Passengers are seated in a spacious lounge area occupying the entirety of deck 4. A snack bar is also located on deck 5.

== Features ==
The Corsica Express Three is 103 meters long and 14.50 meters wide, with a tonnage of 3,530 GT. The ship has a passenger capacity of 580 and features a garage with space for 150 vehicles spread across three decks, accessible via a stern ramp. Propulsion is provided by four MTU 20V1163TB73L engines, each producing 24,000 kW and powering two steerable waterjets, giving the ship a speed of 37 knots.
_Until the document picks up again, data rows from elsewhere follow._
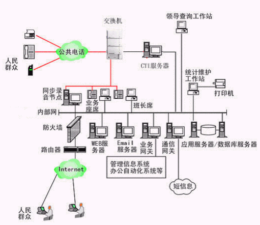 本系統(tǒng)物理結(jié)構(gòu)由排隊(duì)交換機(jī)、CTI服務(wù)器、IVR(交互式語(yǔ)音應(yīng)答)/IFR(交互式傳真應(yīng)答)服務(wù)器、業(yè)務(wù)代表座席(邏輯上分為:普通業(yè)務(wù)代表座席、專家座席、WEB座席等)、班長(zhǎng)座席、統(tǒng)計(jì)維護(hù)管理工作站、因特網(wǎng)(WEB)服務(wù)器、電子郵件(EMAIL)服務(wù)器、數(shù)據(jù)庫(kù)/應(yīng)用服務(wù)器、錄音留言工作站、領(lǐng)導(dǎo)查詢工作站、業(yè)務(wù)網(wǎng)關(guān)服務(wù)器、通信網(wǎng)關(guān)、網(wǎng)絡(luò)系統(tǒng)等和應(yīng)用軟件構(gòu)成。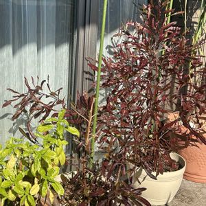 おはようございます。 雨です。 庭鉢の配置換えしました。 コリウス、葉が小さいので、根詰まりしてそうですが、このままで頑張ってもらいます。 イタリアカサマツ、テーブルヤシは、植え替えをずーとしてません(^_^;)💦 ドドナエアも植え替え必要そう。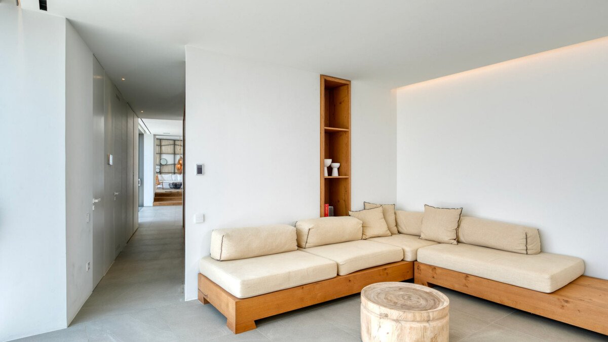 As you enter the main house, you are welcomed by a fully equipped open-plan kitchen, a lounge area (with TV and home cinema), a dining space (seating for up to 10), and a living room with built-in sofas. There is also a guest toilet, a wine cellar and well-appointed bedrooms with en suite bathrooms. A fully-equipped gym adds a touch of well-being and entertainment.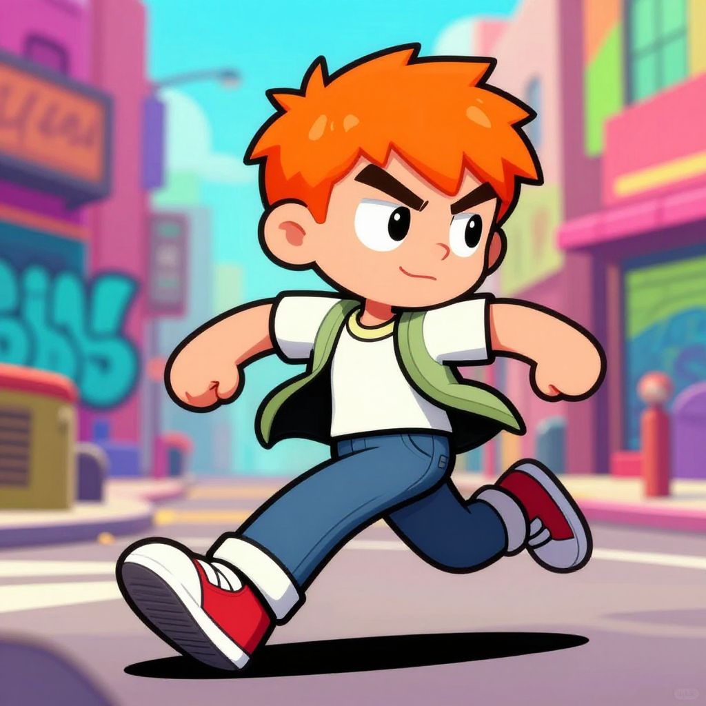 Orange hair boy cartoon, dynamic pose running through a colorful city street, wearing casual clothes and sneakers, vibrant urban graffiti background, energetic and lively color palette, exaggerated facial features, comic book style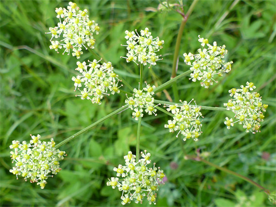Yellowish-white, with widely spreading stamens, in compound umbels (up to 6 cm in diameter) of five to ten long, slender rays, with linear bracteoles beneath the flowers. Bracts are generally absent. The branched stems are solid, ridged and hairless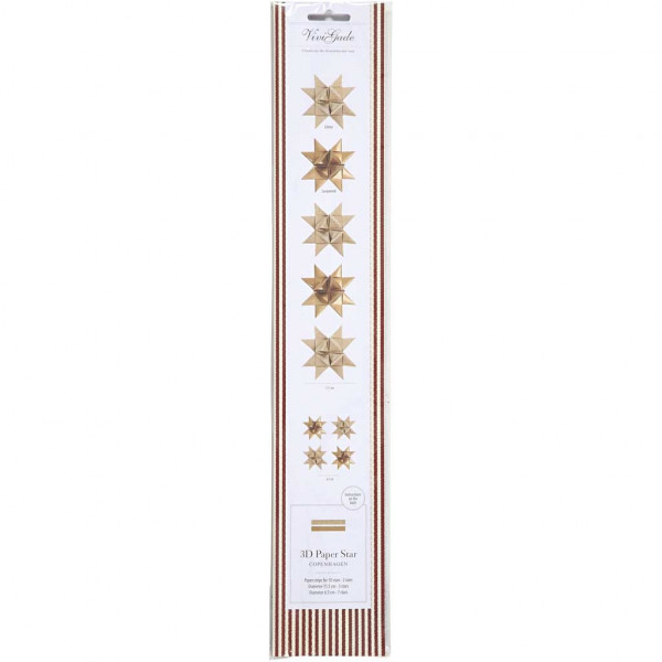 One-coloured paper star strips in two different sizes from the Vivi Gade Design series. Diameter indicates the star's final size. Instructions included.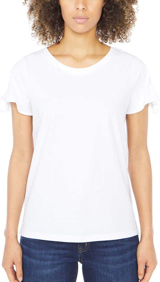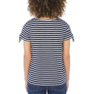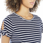 Nautica women's tie sleeve blouse with soft, breathable cotton, short sleeves, keyhole tie detail and crew neckline. navy colour. Key tie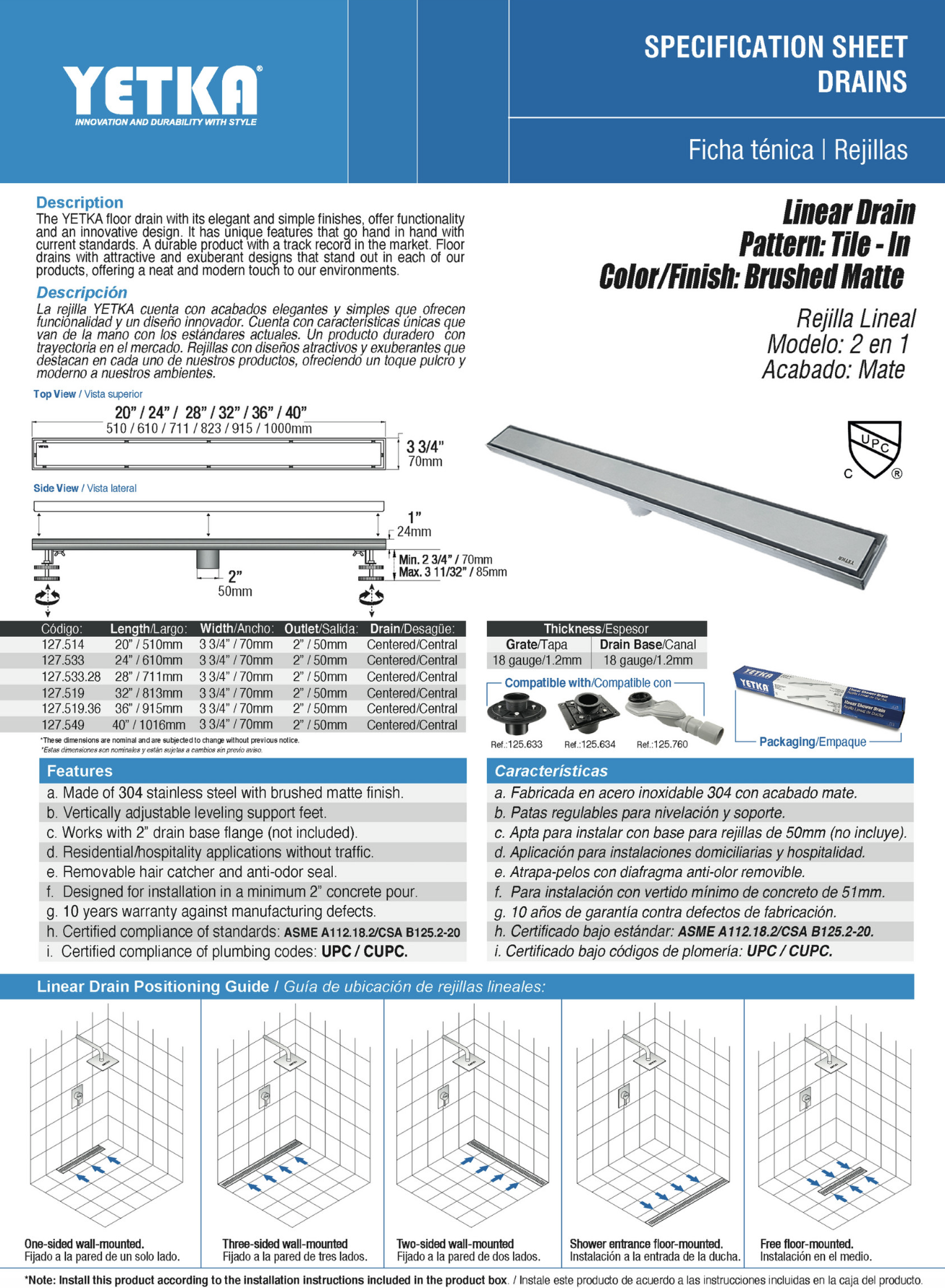 - La rejilla lineal inoxidable Lisa/Empotrada 2 en 1 ofrece una solución moderna, elegante y altamente funcional para duchas, baños, terrazas y zonas húmedas que requieren una evacuación eficiente del agua.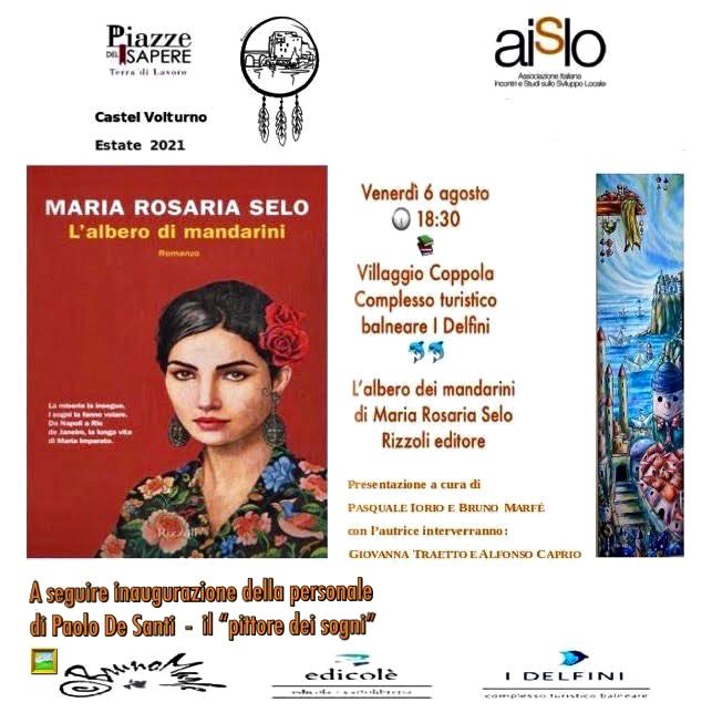Nello scenario del complesso turistico balneare I Delfini si potrà approfondire la conoscenza di Maria Rosaria Selo, notevole scrittrice e sceneggiatrice di cortometraggi e documentari, capace di vincere il premio Anna Maria Ortese con la raccolta di racconti “La donna immaginaria”; la Selo presenterà il suo ultimo romanzo “L’albero dei mandarini” edito da Rizzoli. Con l’autrice interverranno Giovanna Traetto e Alfonso Caprio che condurranno i presenti nei meandri della storia di una donna che attraversa il Novecento come un’onda ribelle e tenace, vivendo una vita eccezionale fatta di fatica sì, ma soprattutto sogni e passione.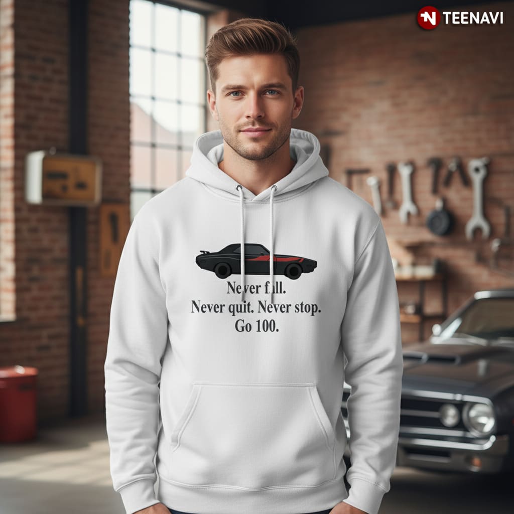 Delivered!Fuel your inner drive with this high-octane muscle car graphic from TeeNavi. Featuring a sleek black performance car with bold red accents, this design captures the raw power and speed of the open road. The motivational mantra “Never fall. Never quit. Never stop. Go 100.” serves as a powerful reminder for gearheads and go-getters to keep pushing forward at full throttle. Whether you’re a racing enthusiast, a classic car lover, or someone who lives life in the fast lane, this tee perfectly blends automotive passion with a relentless spirit of determination. It’s the ultimate statement piece for those who refuse to slow down and always aim for the finish line.

The vessel is equipped with inflatable life rafts accessible via slides.

== Routes served ==
Upon its entry into service, the Corsica Express III was positioned on the Corsican routes departing from Nice towards Bastia and Calvi. During the summer of 2004, it was exceptionally deployed between Italy and Sardinia on the Civitavecchia - Golfo Aranci route.

In June 2007 it was transferred to the Greek subsidiary Kallisti Ferries and served the islands of Naxos, Ikaria, Fourni and Samos from Piraeus until July 2009.

From the 2014 season onwards, the Corsica Express Three is used every summer between Piombino and Portoferraio on the island of Elba and also serves Bastia.